I know this is a BR forum but i've been having an issing with a rem 700 Hunting rifle. It's been chambered in 223 rem and i have been having the usual problem of dented case mouths from the Rem ejector causing the case to cant over on extraction and smack into the receiver wall.
Reducing the ejector spring pressure has helped but it's still denting the mouths and any further reduction will hinder reliable ejection.
So.. Has anyone every tried to convert a rem to a manual ejector, say as used in a Sako L579? This has a slot cut in the inner bolt lug and a matching spring loaded blade in the receiver. This way ejection is not started untill the case is well clear of the port and the ejection force can be set by the operator..


John S
05-08-2011, 03:36 PM
The ejector spring can be reduced to where you can easily push the ejector in with the tip of you finger and still eject the case. I have several 700's set up this way; however they are based on the BR or 300 Savage cases and not the .223.

Dennis Sorensen
05-08-2011, 04:39 PM
Usually 3 coils cut off the original spring works well. Experiment... it only needs to flip it out of the port an inch... not throw it feet... I don't know of any conversion to a manual ejector.

... and the dented neck is a cosmetic problem only...

05-08-2011, 05:33 PM
Remove the ejector for target shooting and put it back in for hunting. This way you only end up with 1 dented case :D

05-09-2011, 07:31 AM
Thanks for the replys guys..

I will look into this a little further and see what i can do with it..


05-09-2011, 11:11 AM
Denting casemouths on ejection sucks...... and I disagree that it's cosmetic only. Dents and dings will quickly ruin competition brass. Even scratches bother me. I won't live with it. I have stuffed a Dremel tool up into new custom actions to relieve metal.

That said, my fix has been to change action mfgrs. I haven't had any luck with clipping springs etc. I too have pondered the efficacy of converting to manual, as has Kelbly's Inc.

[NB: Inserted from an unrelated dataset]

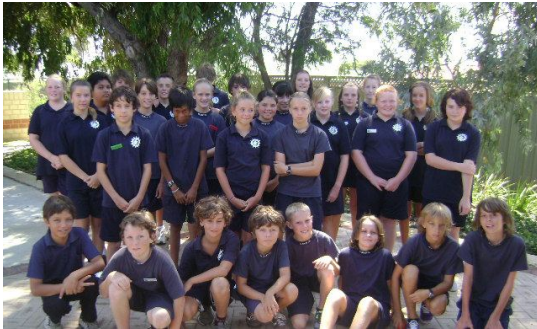
Our Year 7, C16 Class on Assembly Day

Only they DID something about it ;)

I'm sorry not to have an answer for the Remington, I mainly replied to let you know that you're not alone.


Dennis Sorensen
05-09-2011, 11:30 AM
If you adjust the spring so low they just fall out of the action... any ding will be cosmetic with a Rem 700 Hunting rifle... annoying undoubtedly but it's won't be as bad as when you step on a case... the hardly visible ding vanishes when you size the case.

Larry Elliott
05-09-2011, 11:18 PM
I've got the ejectors on my Remington and Savage varmint rifles deactivated by shortening the springs enough that the ejector just moves the case head off the bolt face because it's easier to pick a case off the extractor that way. Since I've never been attacked by an enraged, wounded prairie dog it's worked well. For a hunting or target rifle that needs to feed from the magazine and eject it should be as easy as Dennis suggests. Cases don't need to be flung into the next county, just out the ejection port. The speed of bolt operation has something to do with ejection too. If the bolt is operated slowly with a shortened ejector spring the cases may not eject, where they will if the bolt is operated rapidly.

05-18-2011, 11:15 PM
My experience has been that when the spring gets light enough to suit me then it begins to drop the cases while still in the action.


Larry Elliott
05-20-2011, 03:45 PM
I've shortened the ejector spring on my AR so that the cases don't go flying 50 feet, they just sort of pop out of the ejection port and are right there. Shouldn't be a big problem with a 700. I want my hunting rifles to eject the cases (which can be a pain since I hate losing brass), but for live varmint rifles the cases mostly stay under the extractor until plucked out.

Another possibility is remove the ejector spring, measure it and order a lighter spring of the same OD just smaller diameter wire from Brownell's. Cut the spring to the same length as the factory spring, and shorten a coil at a time until it's where it's wanted. Brownell's part number for a set of their light springs is 025-069-000AD in last years catalog and is about $17 plus shipping.